“Asleep, Rainham?”

Bob looked up with a start. General Harran, the Australian, was beside him, also waiting for a break in the crawling string of motor-buses and taxi-cabs. He was smiling under his close-clipped moustache.

“I beg your pardon, sir,” stammered the boy, coming to the salute stiffly. “I was in a brown study, I believe.”

“You looked it. I spoke to you twice before you heard me. What is it?—demobilization problems?”

“Just that, sir,” said Bob, grinning. “Most of us have got them, I suppose—fellows of my age, anyhow. It's a bit difficult to come down to earth again, after years spent in the air.”

“Very difficult,” Harran agreed gravely. He glanced down with interest at the alert face and square-built figure of the boy beside him. There were so many of them, these boys who had played with Death for years. They have saved their country from horror and ruin, and now it seemed very doubtful if their country wanted them. They were in every town in England, looking for work; their pitiful, plucky advertisements greeted the eye in every newspaper. The problem of their future interested General Harran keenly. He liked his boys; their freshness and pluck and unspoiled enthusiasm had been a tonic to him during the long years of war. Now it hurt him that they should be looking for the right to live.

“I'm just going to lunch, Rainham,” he said. “Would you care to come with me?”

Bob lifted a quaintly astonished face.

“Thanks, awfully, sir,” he stammered.

“Then jump on this 'bus, and we'll go to my club,” said the General, swinging his lean, athletic body up the stairs of a passing motor-'bus as he spoke. Bob followed, and they sped, rocking, through the packed traffic until the General, who had sat in silence, jumped up, threaded his way downstairs, and dropped to the ground again from the footboard of the hurrying 'bus—with a brief shake of the head to the conductor, who was prepared to check the speed of his craft to accommodate a passenger with such distinguished badges of rank.
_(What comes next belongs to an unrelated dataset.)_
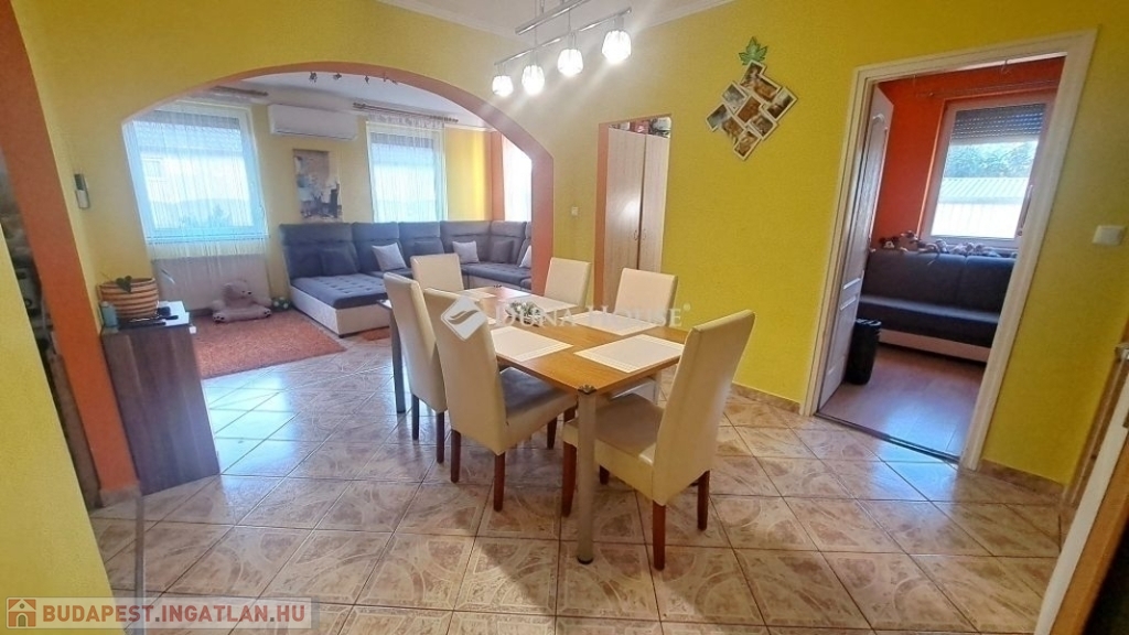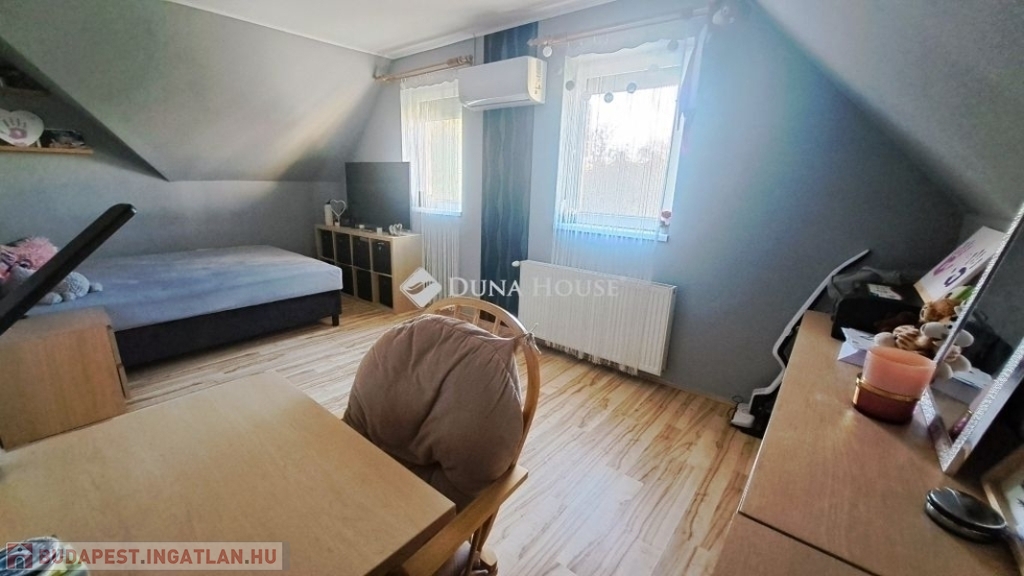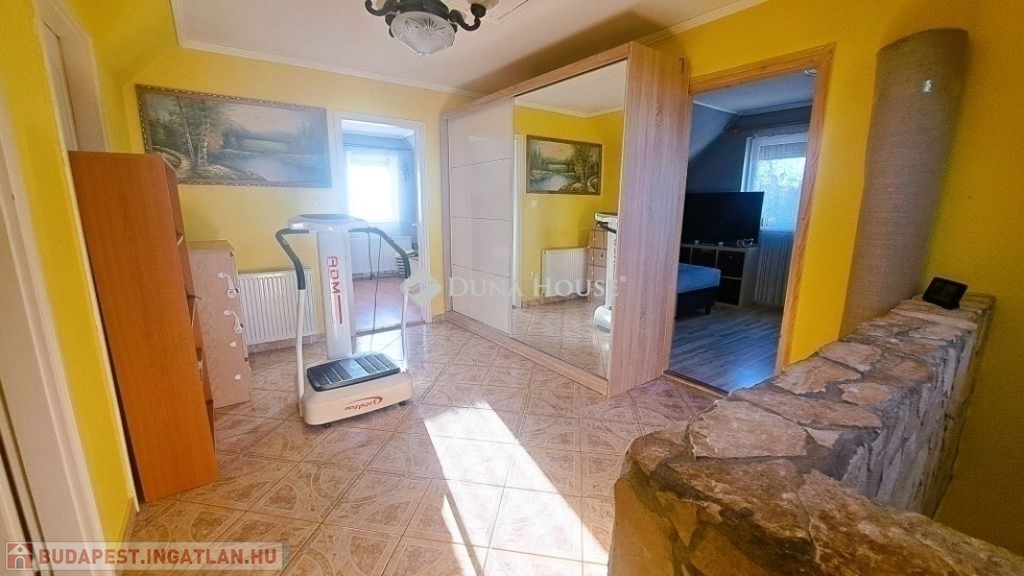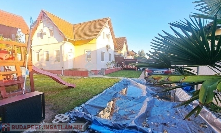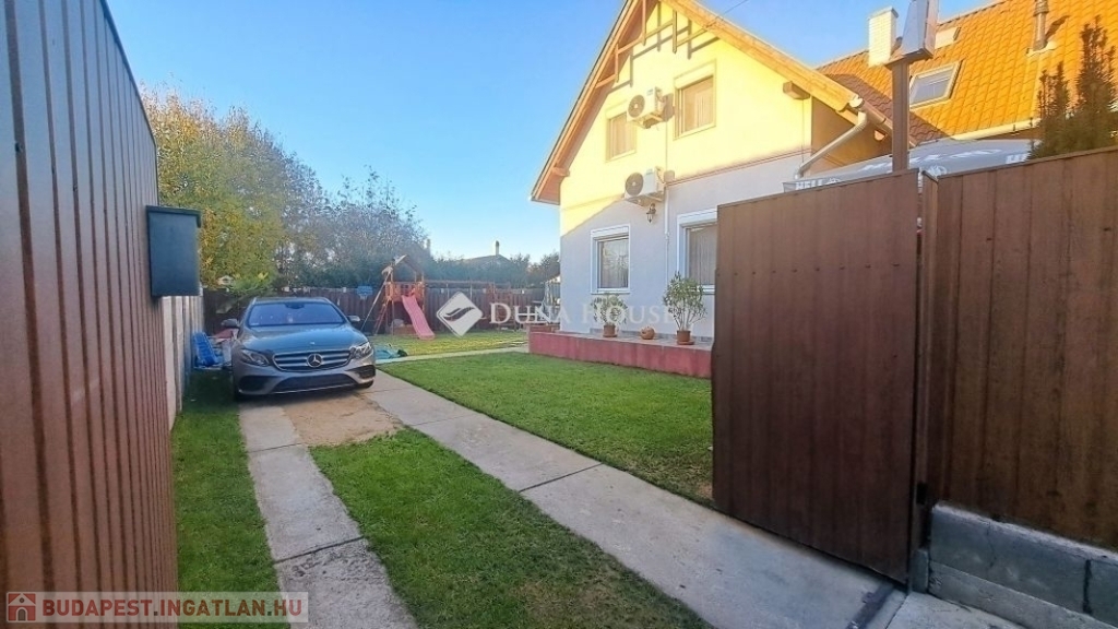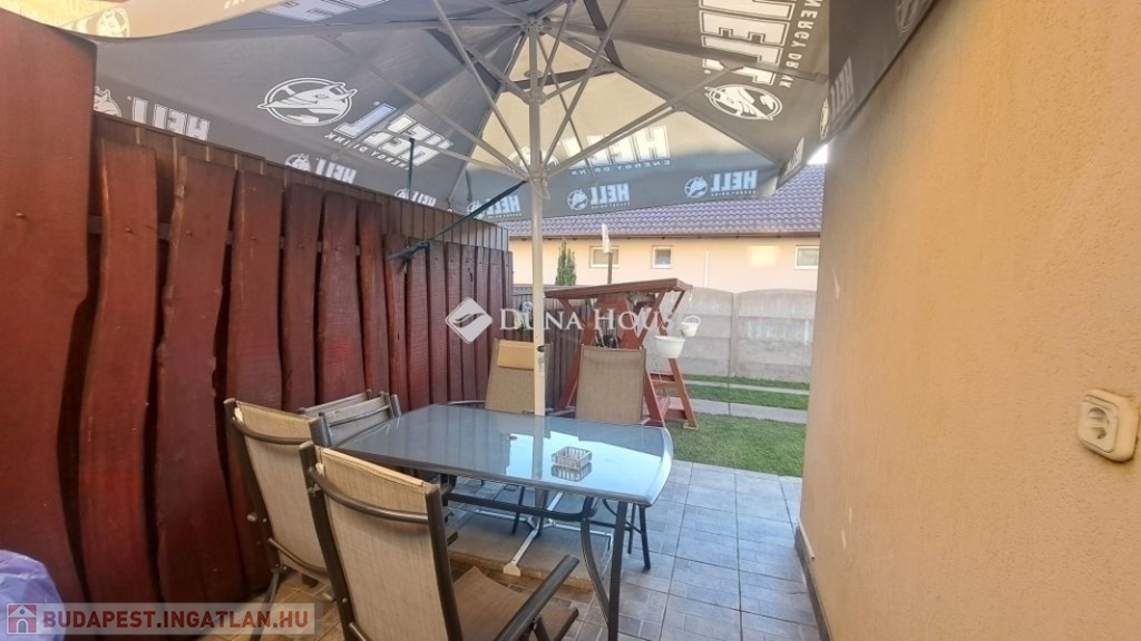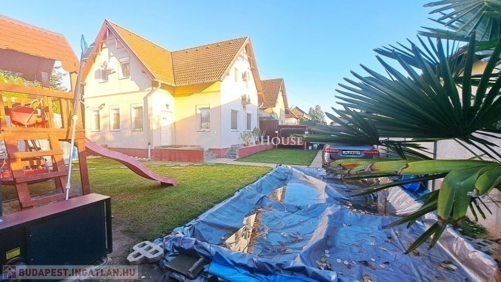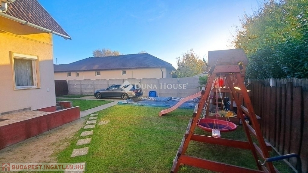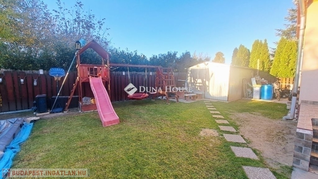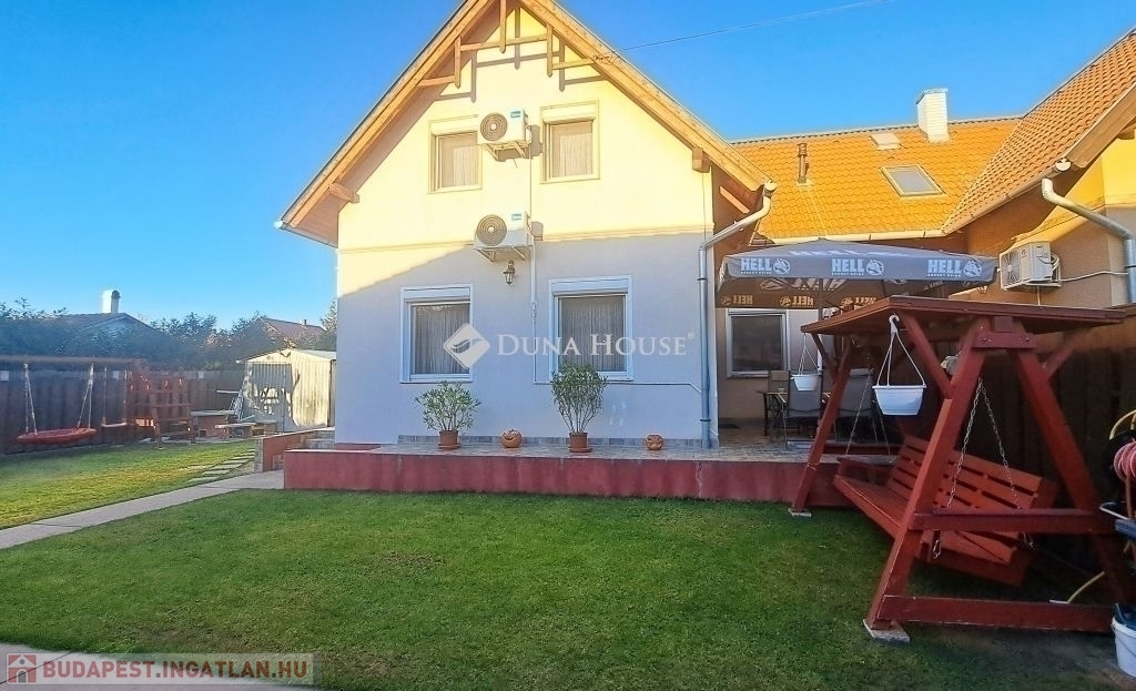 Megvételre kínálok Üllőn egy Nappali+ 4 szobás, Duplakomfortos Ikerházat rendezett szép udvarral és Medencével, csendes környékenAz ingatlan főbb jellemzői: - Építés éve: 2007- Szerkezete: Tégla- Szigetelés: 10 cm- Hasznos alapterület: 122 nm + 18 nm terasz + - Telek mérete: 470 nm , Összközműves, szorgalmi útról megközelíthető- Fűtése: Turbo Gázkazán, Padlófűtés mindenhol, a szobákban pedig radiátorok vannak.- Földszinten (Nappaliban) 5 kw-os Hűtő-fűtő klíma- Emeleten ( 3 db szobánként 1 db) 3,5 kw-os Hűtő-fűtő klíma- Műanyag nyílászárók szúnyoghálóval és redőnnyelElrendezése: - Földszint: Nappali, Szoba, Előszoba, Étkező, Konyha, Fürdőszoba, Wc, Kamra, Terasz - Emelet: 3 db Szoba, Fürdőszoba+ Wc, KözlekedőA ház elhelyezkedése és kialakítása kiválóan alkalmas nagycsaládosok számára is.Jól átgondolt és kivitelezett, tágas életterek állnak rendelkezésre, szintenként 1-1 Fürdőszobával és illemhelységgel.Elektromos kapun jutunk be az udvarra, ami applikáción keresztül és távirányítóval is vezérelhető, nyitható.Az udvaron található:- 7mx3,5m-es gépesített medence, amely 1,5 m mély, 9 kw-os hűtő-fűtő hőszivattyúval biztosítja a kellemes hőmérsékletet, a hangulatot pedig led világítás biztosítja- játszótér- sütügető- 3x5 méteres mobilgarázsA vételár részét képezi:- mobilgarázs- az emeleten lévő gardróbszekrény a közlekedőben- az emeleti szobában található fél éve vásárolt franciaágy Ez az ingatlan valóban különleges és tökéletes választás mindazok számára, Akik jól átgondolt és felszerelt, tágas, világos tereket keresnek.Amennyiben az ingatlan felkeltette az érdeklődését keressen bizalommal a hét bármely napján.Jöjjön el, nézzük meg együtt.

Bob was on the ground almost as quickly, and they turned out of the crowded street into a quieter one that presently led them into a silent square, where dignified grey houses looked out upon green trees, and the only traffic was that of gliding motors. General Harran led the way into one of the grey houses, up the steps of which officers were constantly coming and going. A grizzled porter in uniform, with the Crimean medal on his tunic, swung the door open and came smartly to attention as they passed through. The General greeted him kindly.